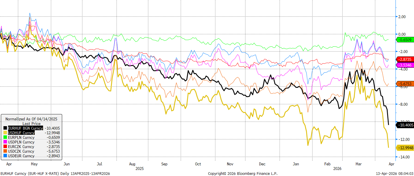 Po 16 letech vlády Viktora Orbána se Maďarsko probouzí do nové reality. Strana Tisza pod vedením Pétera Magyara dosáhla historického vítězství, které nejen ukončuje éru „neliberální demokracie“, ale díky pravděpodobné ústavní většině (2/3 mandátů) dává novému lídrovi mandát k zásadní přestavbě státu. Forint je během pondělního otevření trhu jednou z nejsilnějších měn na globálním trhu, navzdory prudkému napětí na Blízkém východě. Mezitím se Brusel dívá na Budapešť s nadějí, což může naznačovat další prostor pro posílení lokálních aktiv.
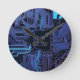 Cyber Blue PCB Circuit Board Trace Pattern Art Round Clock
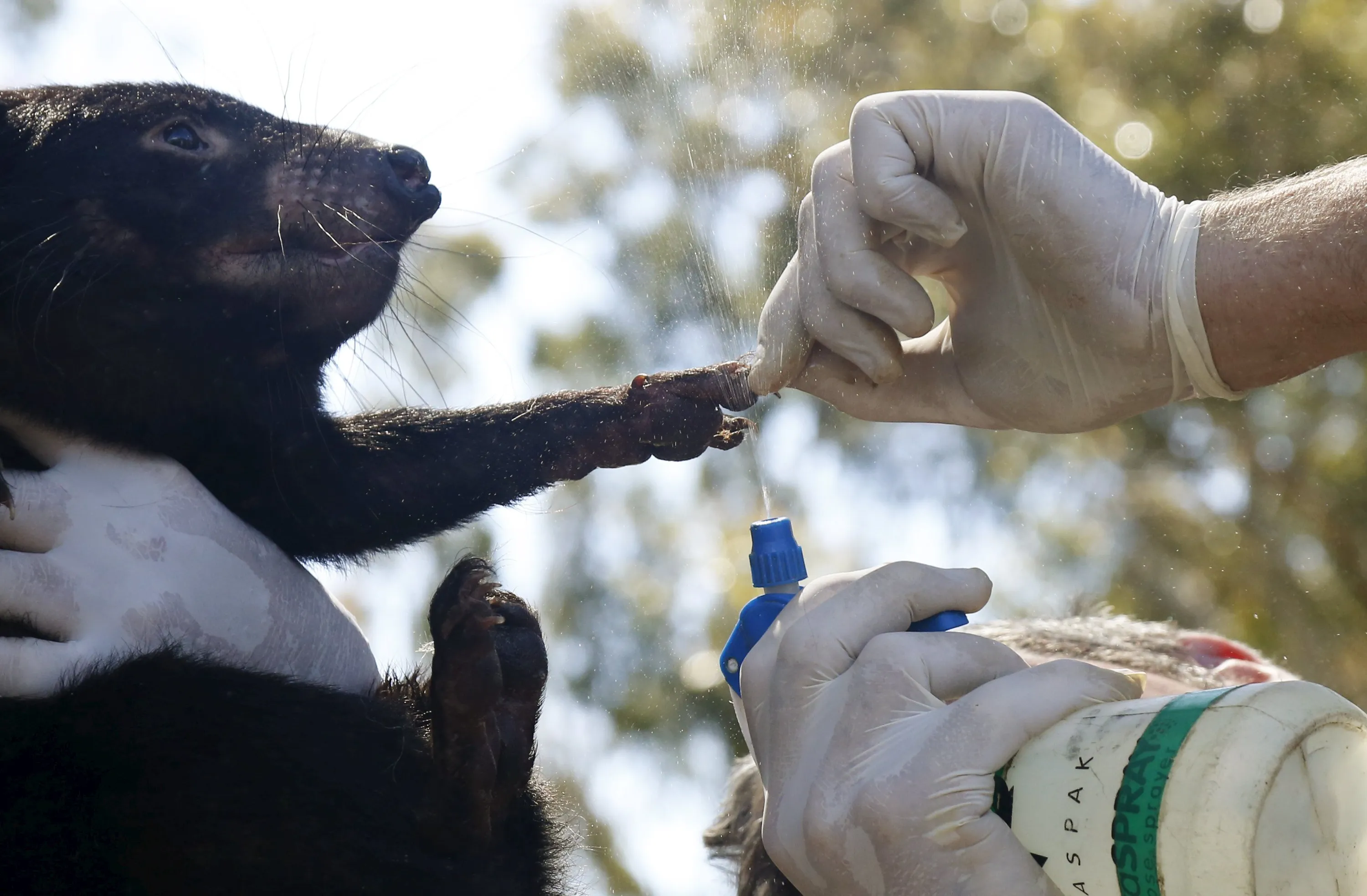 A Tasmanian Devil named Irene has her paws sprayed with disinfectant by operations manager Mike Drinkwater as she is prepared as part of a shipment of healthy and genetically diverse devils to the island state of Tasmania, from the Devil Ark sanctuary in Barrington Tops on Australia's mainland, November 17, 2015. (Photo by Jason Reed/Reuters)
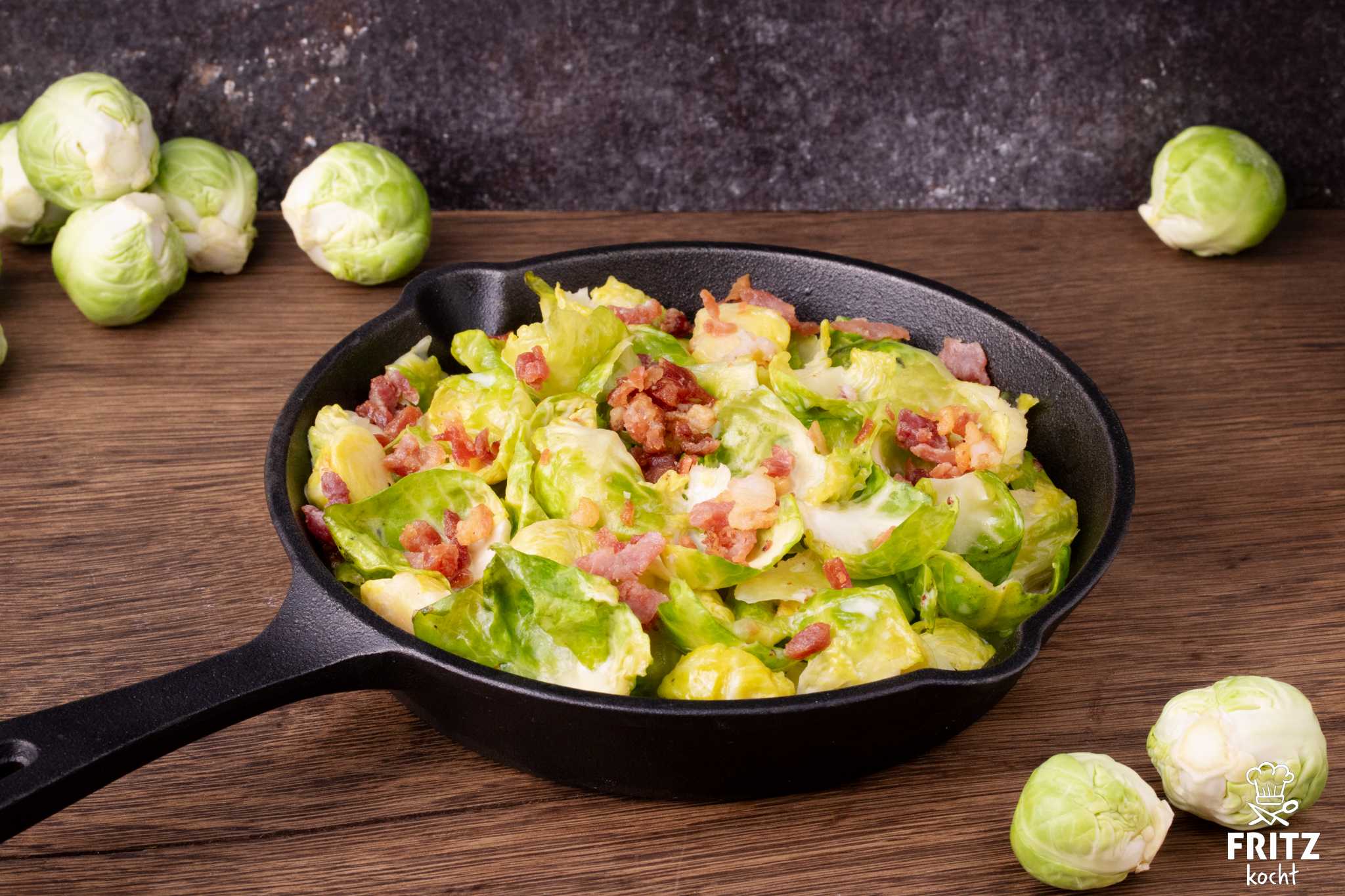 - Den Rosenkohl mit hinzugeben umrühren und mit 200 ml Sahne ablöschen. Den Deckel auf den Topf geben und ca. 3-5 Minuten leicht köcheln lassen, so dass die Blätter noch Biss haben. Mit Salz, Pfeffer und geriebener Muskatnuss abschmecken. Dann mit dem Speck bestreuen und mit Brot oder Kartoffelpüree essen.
---
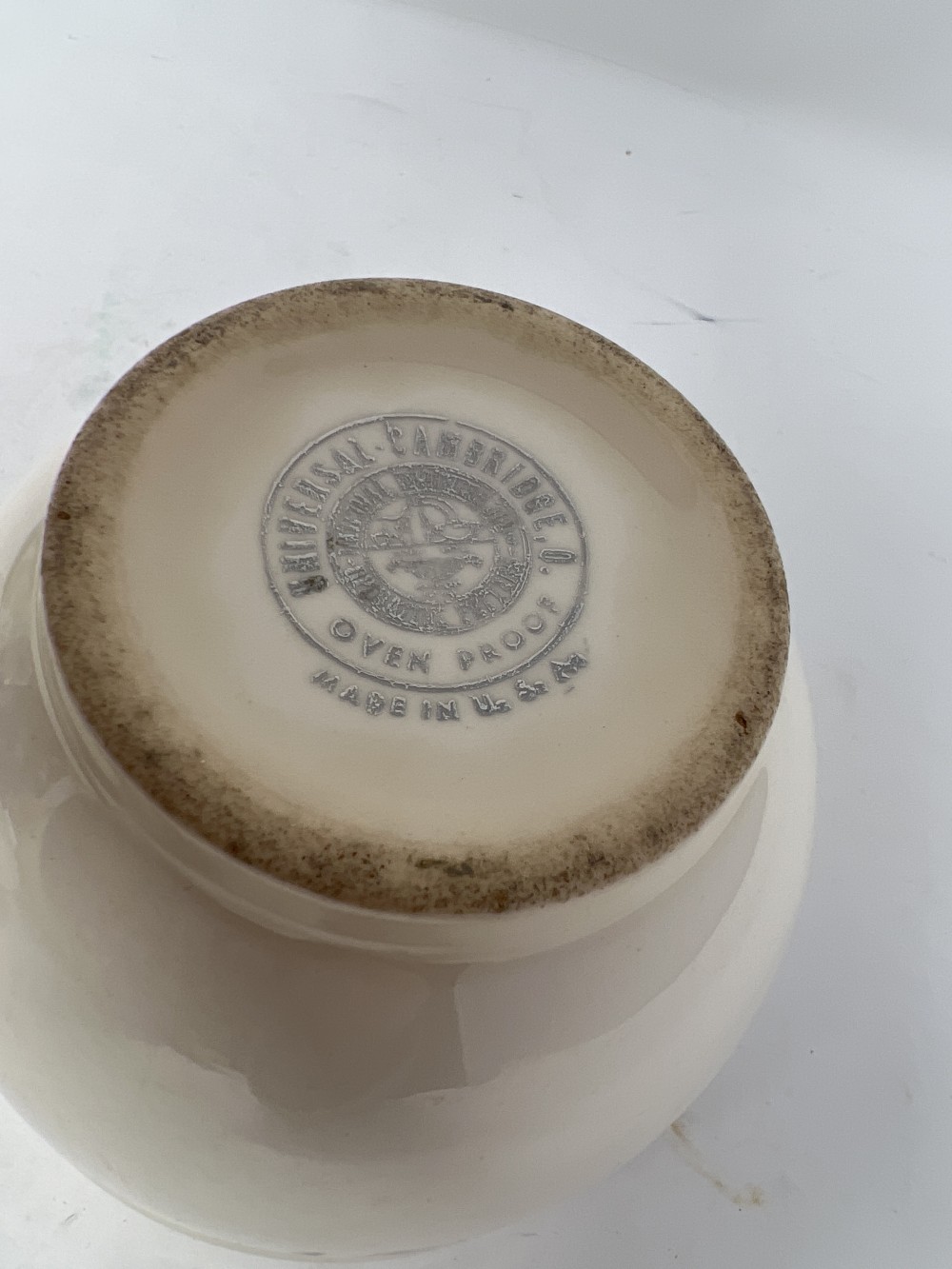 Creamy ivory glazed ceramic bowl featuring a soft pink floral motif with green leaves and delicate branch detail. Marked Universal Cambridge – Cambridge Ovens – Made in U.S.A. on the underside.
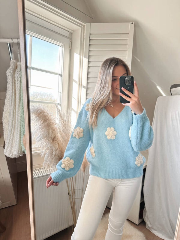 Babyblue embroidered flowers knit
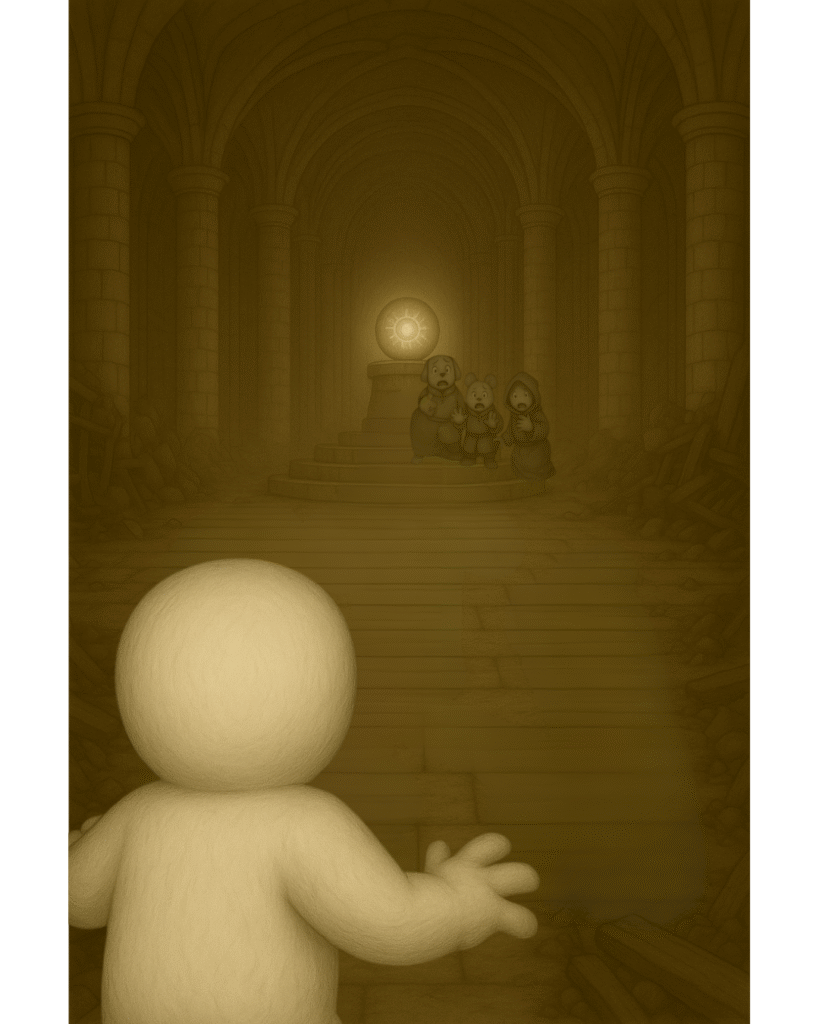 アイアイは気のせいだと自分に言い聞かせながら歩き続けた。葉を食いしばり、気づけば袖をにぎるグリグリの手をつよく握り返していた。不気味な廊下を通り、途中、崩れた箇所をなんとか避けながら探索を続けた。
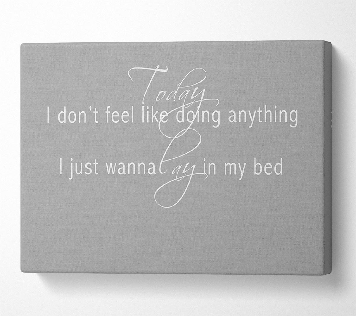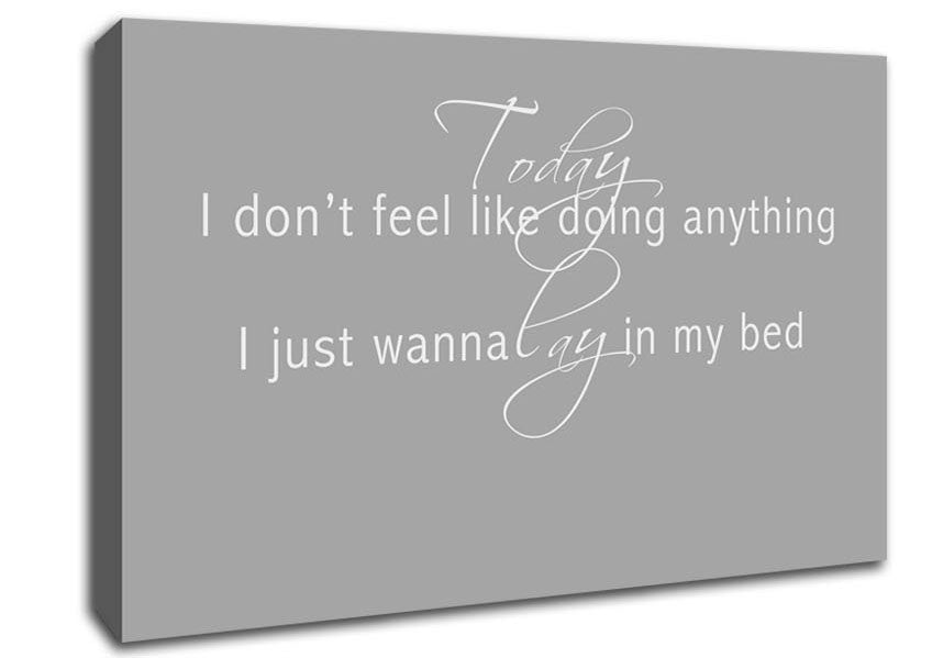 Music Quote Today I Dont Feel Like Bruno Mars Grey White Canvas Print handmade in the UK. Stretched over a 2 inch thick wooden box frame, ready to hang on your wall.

= Assignment =
Look above for the line containing "アイアイは気のせいだと自分に" and the line containing "Music Quote Today", then reproduce both and everything between them exactly, pictures omitted.

= Task response =
 アイアイは気のせいだと自分に言い聞かせながら歩き続けた。葉を食いしばり、気づけば袖をにぎるグリグリの手をつよく握り返していた。不気味な廊下を通り、途中、崩れた箇所をなんとか避けながら探索を続けた。
 Music Quote Today I Dont Feel Like Bruno Mars Grey White Canvas Print handmade in the UK. Stretched over a 2 inch thick wooden box frame, ready to hang on your wall.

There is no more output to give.